[Stored data]

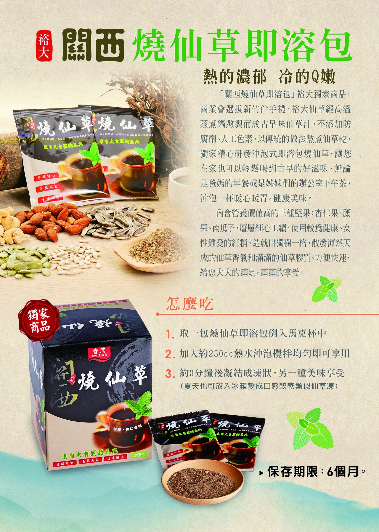 食用方式:加入約250~300cc熱水沖泡1-3分鐘即可享用熱呼呼溫暖人心的燒仙草,冷
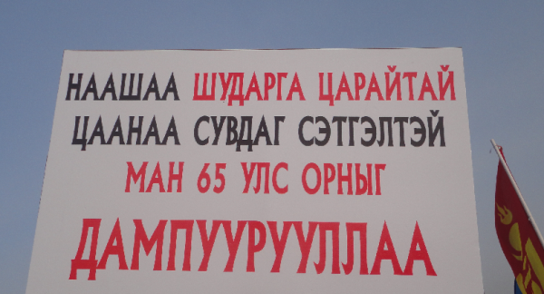 Сүхбаатар аймгаас жагсаалд оролцож буй иргэн н.Буд Манай аймаг “улсын тэргүүний аймаг”-аар олон жил шалгарч байсан. Гэтэл сүүлийн жил улсын хэмжээнд ядуурлаараа сүүл мушгилаа. Аймгийн удирдлагууд юу ч хийсэнгүй. Тиймээс л би үзэл бодлоо илэрхийлж, төр засгийн буруутай үйл ажиллагааг шүүмжлэхээр хүрэлцэн ирлээ.
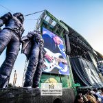 Todo se ha dicho sobre ellos, sus nombres ocupan un lugar preferente en el cielo de ZEPPELIN, han despertado filias y fobias casi a partes iguales siendo muy cuestionada su música en ocasiones con geniales connotaciones cercanas al Funky como en la sensual «I Was Made For Lovin’ You» sin la que ya no podríamos vivir o los toques más Hard de «I Love It Loud» sin los cuales nuestras vidas ya no sería lo mismo, al igual que tampoco sin la que abrió el show «Detroit Rock City» o la que lo cerró como bis «Rock And Roll All Nite» con todo el público rindiendo pleitesía a este cuarteto que literalmente al comienzo de su directo en torno a las 22:15 horas bajó del cielo cabalgando plataformas para ser depositado en un escenario que quemaron exponiendo sus mejores galas, su mejor actitud y su mejor versión sin escatimar en nada y derrochando en espectacularidad mientras los ojos del recinto miraban arriba, abajo, a diestra y siniestra sin poder dejar de admirar lo que fue un despliegue de medios y temas, pues no sólo la tirolina con Stanley subido a ella fue impresionante sino que la siempre efectista actuación de Gene Simmons echando sangre por la boca mientras se marcaba un impagable solo de bajo y volviendo al primero, su beso de judas a la guitarra al finalizar el concierto para destrozarla contra la tarima acto seguido, convivieron con esa puesta en escena arrolladora y canciones legendarias como lo son «Shout It A Loud», «Deuce» y «War Machine» siguiendo con «100.000 Years», «God Of Thunder», «Love Gun», «Black Diamond», “Lick It Up» o «Calling Dr. Love» observadas también en tercera persona por los cuatro guerreros que emparejados y previamente hinchados como gigantes muñecos a modo de estatuas, se situaban a ambos lados del escenario como esfinges observadoras de su propia actuación mirando también fijamente a todos los seguidores que los ovacionaban desde la arena.

[/Stored data]

Problem statement
Your answer must be an exact copy of the listing, with every picture omitted.

Answer
 食用方式:加入約250~300cc熱水沖泡1-3分鐘即可享用熱呼呼溫暖人心的燒仙草,冷
 Сүхбаатар аймгаас жагсаалд оролцож буй иргэн н.Буд Манай аймаг “улсын тэргүүний аймаг”-аар олон жил шалгарч байсан. Гэтэл сүүлийн жил улсын хэмжээнд ядуурлаараа сүүл мушгилаа. Аймгийн удирдлагууд юу ч хийсэнгүй. Тиймээс л би үзэл бодлоо илэрхийлж, төр засгийн буруутай үйл ажиллагааг шүүмжлэхээр хүрэлцэн ирлээ.
 Todo se ha dicho sobre ellos, sus nombres ocupan un lugar preferente en el cielo de ZEPPELIN, han despertado filias y fobias casi a partes iguales siendo muy cuestionada su música en ocasiones con geniales connotaciones cercanas al Funky como en la sensual «I Was Made For Lovin’ You» sin la que ya no podríamos vivir o los toques más Hard de «I Love It Loud» sin los cuales nuestras vidas ya no sería lo mismo, al igual que tampoco sin la que abrió el show «Detroit Rock City» o la que lo cerró como bis «Rock And Roll All Nite» con todo el público rindiendo pleitesía a este cuarteto que literalmente al comienzo de su directo en torno a las 22:15 horas bajó del cielo cabalgando plataformas para ser depositado en un escenario que quemaron exponiendo sus mejores galas, su mejor actitud y su mejor versión sin escatimar en nada y derrochando en espectacularidad mientras los ojos del recinto miraban arriba, abajo, a diestra y siniestra sin poder dejar de admirar lo que fue un despliegue de medios y temas, pues no sólo la tirolina con Stanley subido a ella fue impresionante sino que la siempre efectista actuación de Gene Simmons echando sangre por la boca mientras se marcaba un impagable solo de bajo y volviendo al primero, su beso de judas a la guitarra al finalizar el concierto para destrozarla contra la tarima acto seguido, convivieron con esa puesta en escena arrolladora y canciones legendarias como lo son «Shout It A Loud», «Deuce» y «War Machine» siguiendo con «100.000 Years», «God Of Thunder», «Love Gun», «Black Diamond», “Lick It Up» o «Calling Dr. Love» observadas también en tercera persona por los cuatro guerreros que emparejados y previamente hinchados como gigantes muñecos a modo de estatuas, se situaban a ambos lados del escenario como esfinges observadoras de su propia actuación mirando también fijamente a todos los seguidores que los ovacionaban desde la arena.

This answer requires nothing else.